(Excerpts from a dataset)
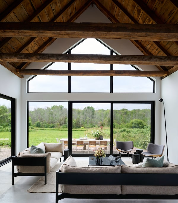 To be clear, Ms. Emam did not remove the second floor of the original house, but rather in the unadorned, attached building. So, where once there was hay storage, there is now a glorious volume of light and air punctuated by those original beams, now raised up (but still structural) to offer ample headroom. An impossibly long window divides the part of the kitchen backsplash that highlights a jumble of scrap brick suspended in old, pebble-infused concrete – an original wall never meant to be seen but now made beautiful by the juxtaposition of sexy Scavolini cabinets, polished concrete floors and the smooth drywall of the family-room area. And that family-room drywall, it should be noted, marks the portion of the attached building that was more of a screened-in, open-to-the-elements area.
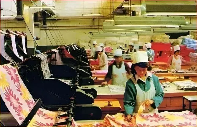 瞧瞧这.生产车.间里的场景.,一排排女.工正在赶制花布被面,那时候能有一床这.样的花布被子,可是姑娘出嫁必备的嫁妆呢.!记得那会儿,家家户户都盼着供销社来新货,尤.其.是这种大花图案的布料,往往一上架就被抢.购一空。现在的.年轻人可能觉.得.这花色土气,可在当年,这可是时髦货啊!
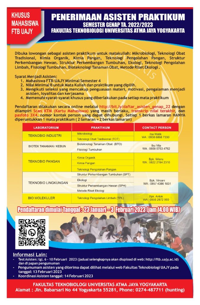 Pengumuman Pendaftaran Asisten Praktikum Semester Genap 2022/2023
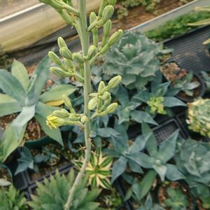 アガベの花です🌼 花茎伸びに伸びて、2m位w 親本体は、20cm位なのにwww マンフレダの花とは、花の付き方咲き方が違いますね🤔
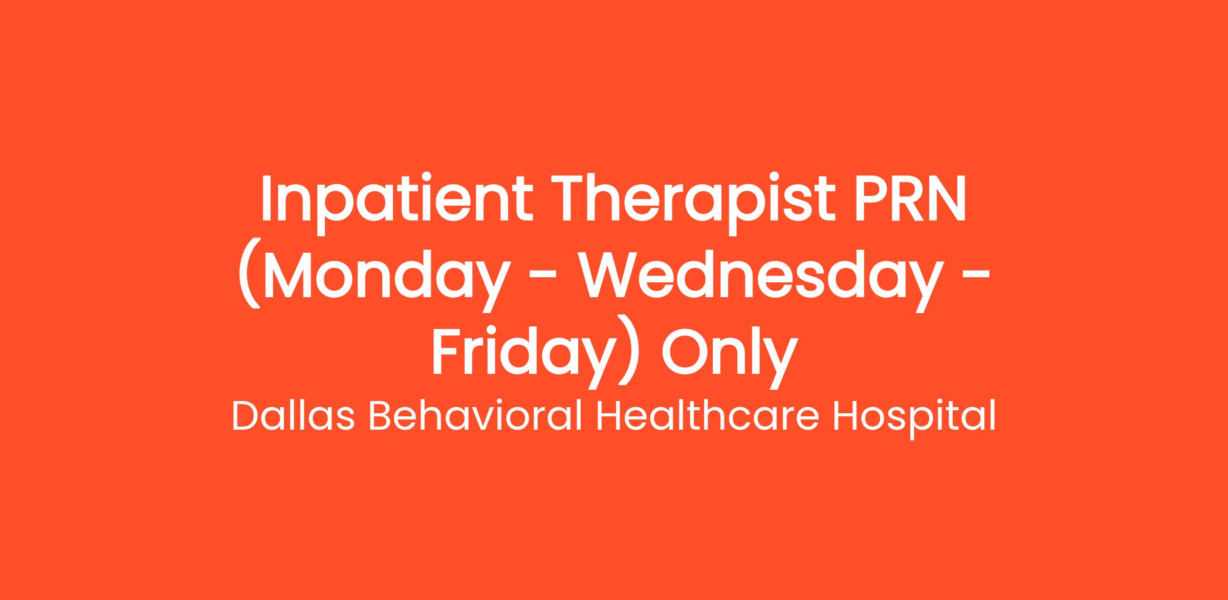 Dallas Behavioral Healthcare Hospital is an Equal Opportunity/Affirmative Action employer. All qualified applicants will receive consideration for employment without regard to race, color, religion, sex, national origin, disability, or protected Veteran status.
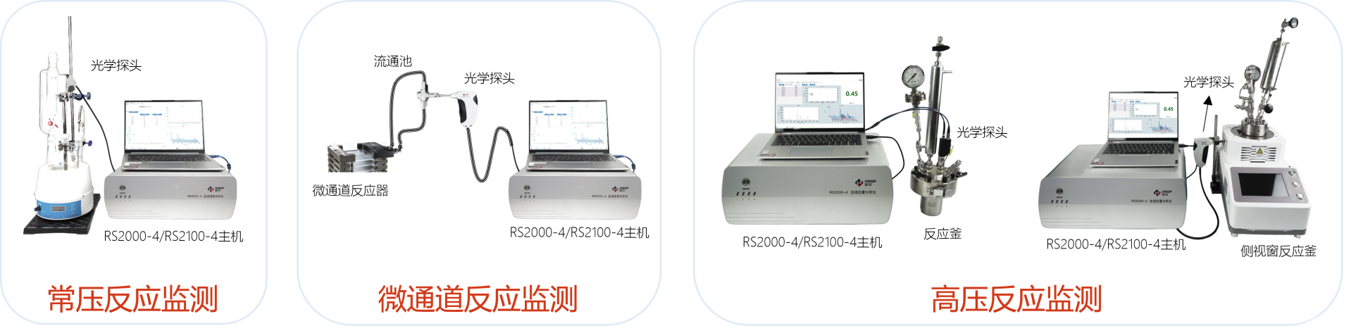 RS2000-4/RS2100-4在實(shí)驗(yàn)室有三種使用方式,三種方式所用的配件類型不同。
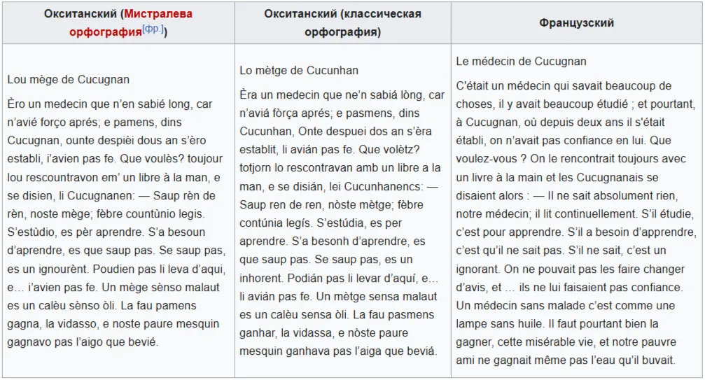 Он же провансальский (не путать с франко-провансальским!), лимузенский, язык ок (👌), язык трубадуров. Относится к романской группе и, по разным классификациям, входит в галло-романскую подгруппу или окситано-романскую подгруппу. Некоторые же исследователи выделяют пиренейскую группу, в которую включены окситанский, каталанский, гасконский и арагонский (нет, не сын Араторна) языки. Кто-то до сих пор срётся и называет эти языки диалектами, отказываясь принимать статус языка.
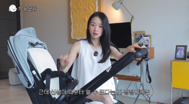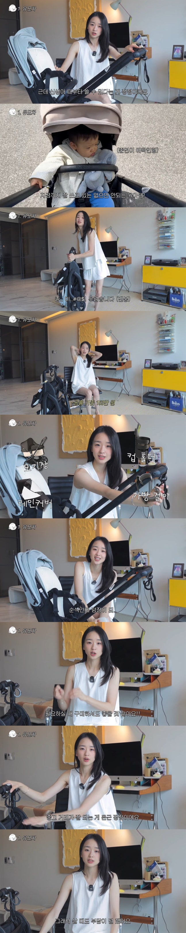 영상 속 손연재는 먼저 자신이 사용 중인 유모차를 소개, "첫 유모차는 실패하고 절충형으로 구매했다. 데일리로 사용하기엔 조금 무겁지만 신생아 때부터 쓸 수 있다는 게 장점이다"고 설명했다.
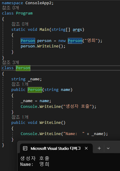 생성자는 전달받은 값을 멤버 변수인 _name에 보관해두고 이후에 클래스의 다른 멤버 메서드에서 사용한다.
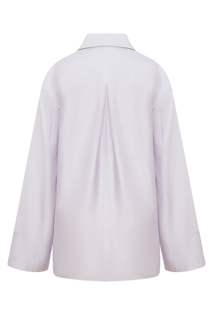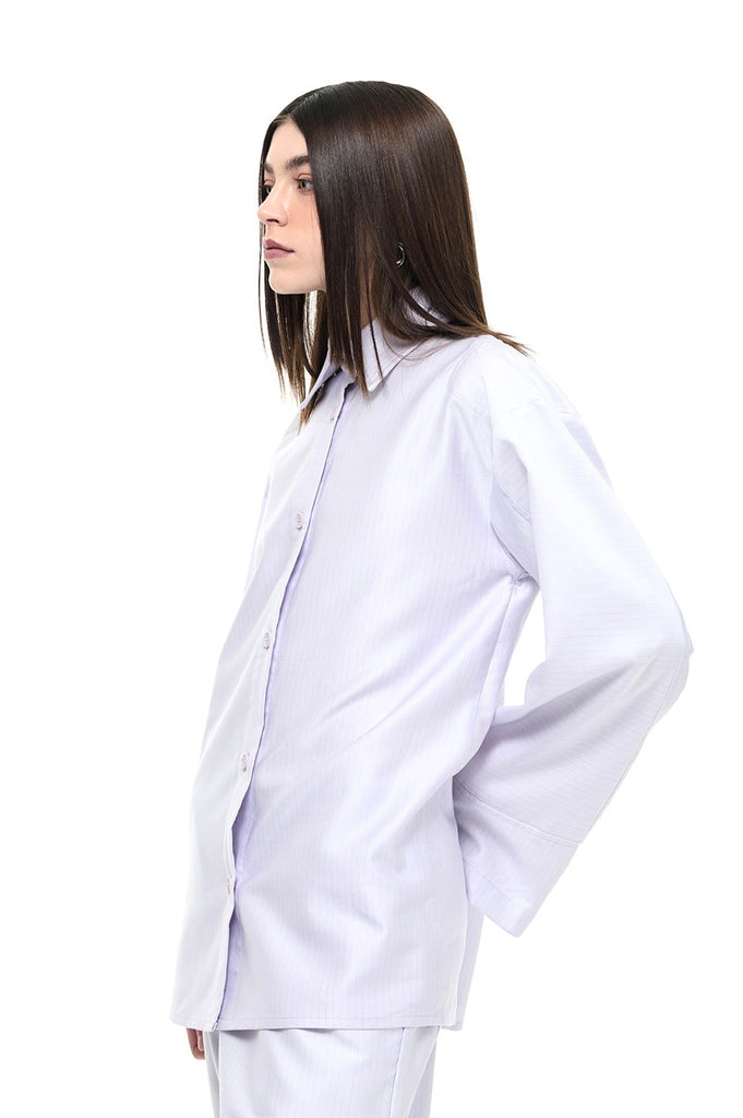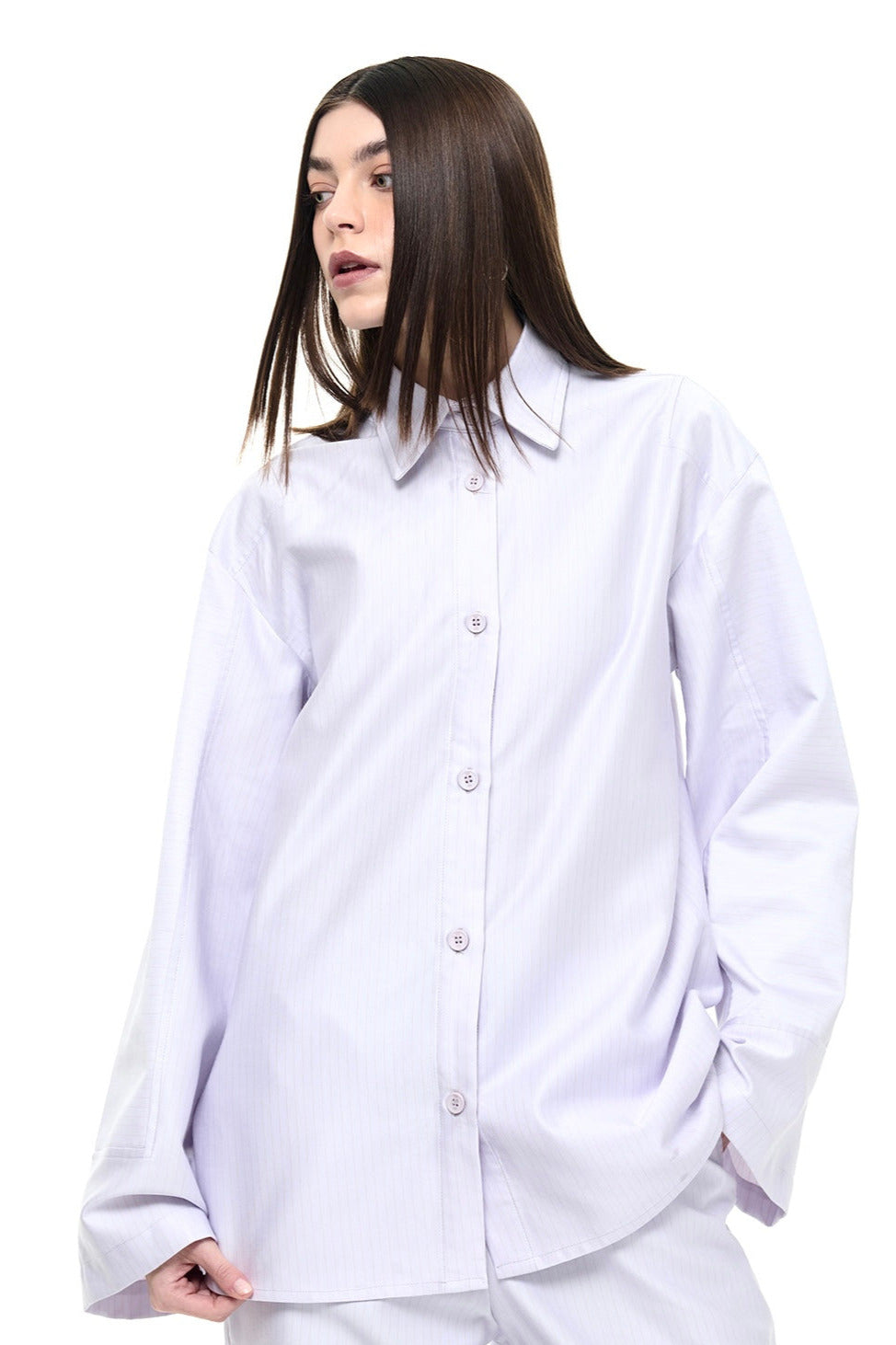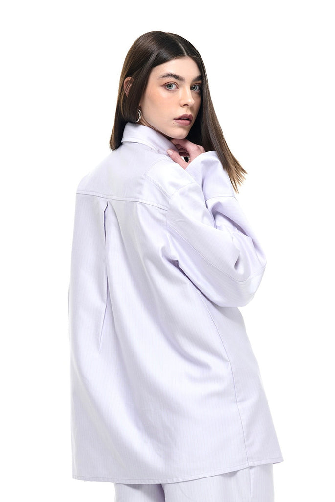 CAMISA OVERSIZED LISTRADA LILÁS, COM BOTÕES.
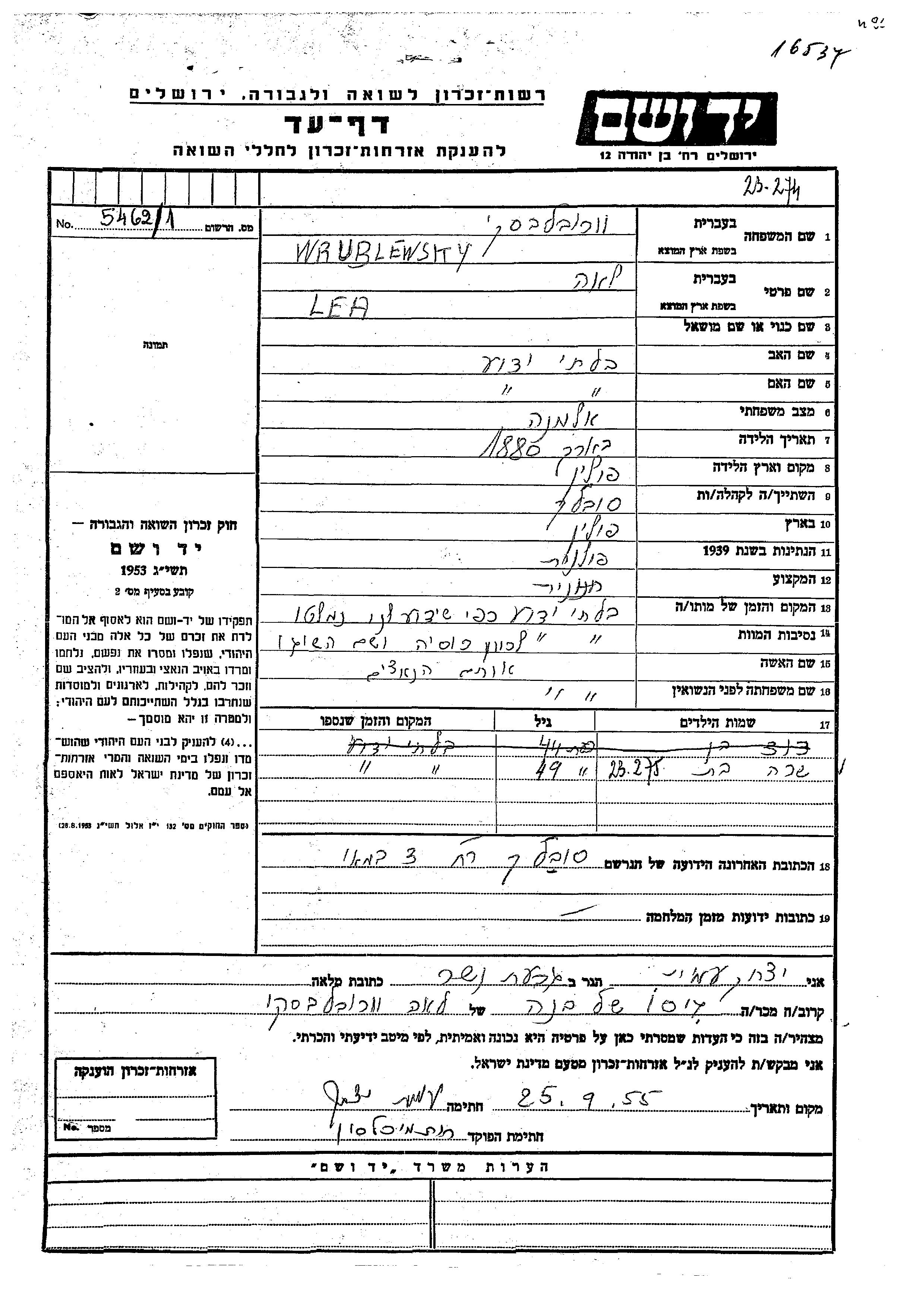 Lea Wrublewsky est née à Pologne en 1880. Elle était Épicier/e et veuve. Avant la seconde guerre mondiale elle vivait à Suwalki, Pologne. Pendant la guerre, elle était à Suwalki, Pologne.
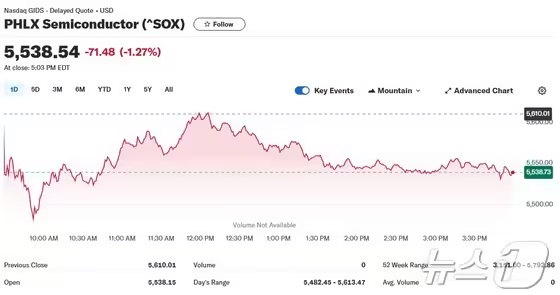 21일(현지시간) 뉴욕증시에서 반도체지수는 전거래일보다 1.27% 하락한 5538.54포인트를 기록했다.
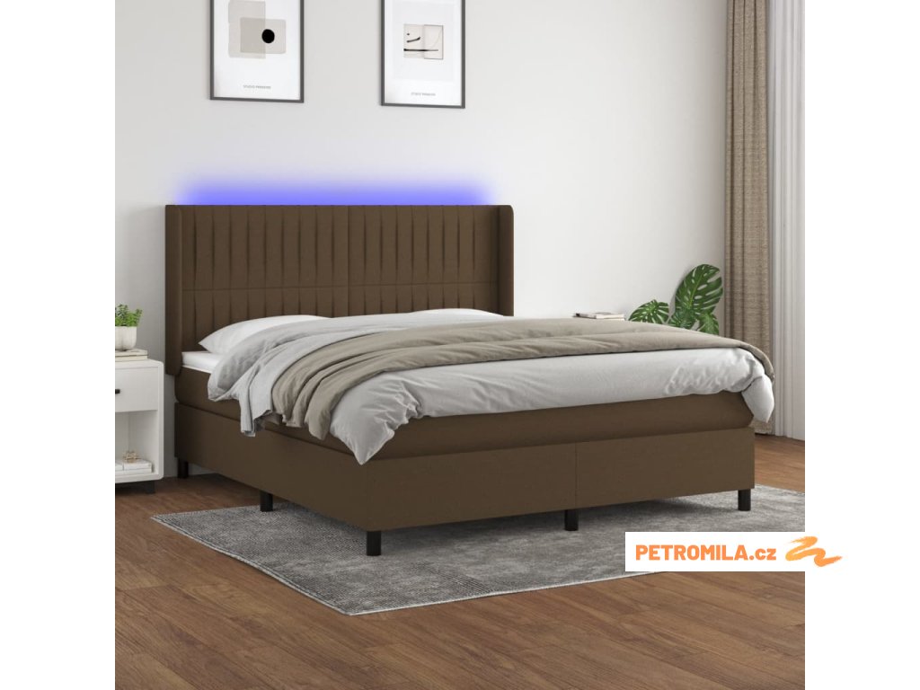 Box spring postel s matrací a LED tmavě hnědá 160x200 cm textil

• [Activity]: From the line that holds "Pengumuman Pendaftaran Asisten" to the last line of the data, return those lines exactly and nothing else; both ends count, and pictures stay out.

• [Response for this exercise]:
 Pengumuman Pendaftaran Asisten Praktikum Semester Genap 2022/2023
 アガベの花です🌼 花茎伸びに伸びて、2m位w 親本体は、20cm位なのにwww マンフレダの花とは、花の付き方咲き方が違いますね🤔
 Dallas Behavioral Healthcare Hospital is an Equal Opportunity/Affirmative Action employer. All qualified applicants will receive consideration for employment without regard to race, color, religion, sex, national origin, disability, or protected Veteran status.
 RS2000-4/RS2100-4在實(shí)驗(yàn)室有三種使用方式,三種方式所用的配件類型不同。
 Он же провансальский (не путать с франко-провансальским!), лимузенский, язык ок (👌), язык трубадуров. Относится к романской группе и, по разным классификациям, входит в галло-романскую подгруппу или окситано-романскую подгруппу. Некоторые же исследователи выделяют пиренейскую группу, в которую включены окситанский, каталанский, гасконский и арагонский (нет, не сын Араторна) языки. Кто-то до сих пор срётся и называет эти языки диалектами, отказываясь принимать статус языка.
 영상 속 손연재는 먼저 자신이 사용 중인 유모차를 소개, "첫 유모차는 실패하고 절충형으로 구매했다. 데일리로 사용하기엔 조금 무겁지만 신생아 때부터 쓸 수 있다는 게 장점이다"고 설명했다.
 생성자는 전달받은 값을 멤버 변수인 _name에 보관해두고 이후에 클래스의 다른 멤버 메서드에서 사용한다.
 CAMISA OVERSIZED LISTRADA LILÁS, COM BOTÕES.
 Lea Wrublewsky est née à Pologne en 1880. Elle était Épicier/e et veuve. Avant la seconde guerre mondiale elle vivait à Suwalki, Pologne. Pendant la guerre, elle était à Suwalki, Pologne.
 21일(현지시간) 뉴욕증시에서 반도체지수는 전거래일보다 1.27% 하락한 5538.54포인트를 기록했다.
 Box spring postel s matrací a LED tmavě hnědá 160x200 cm textil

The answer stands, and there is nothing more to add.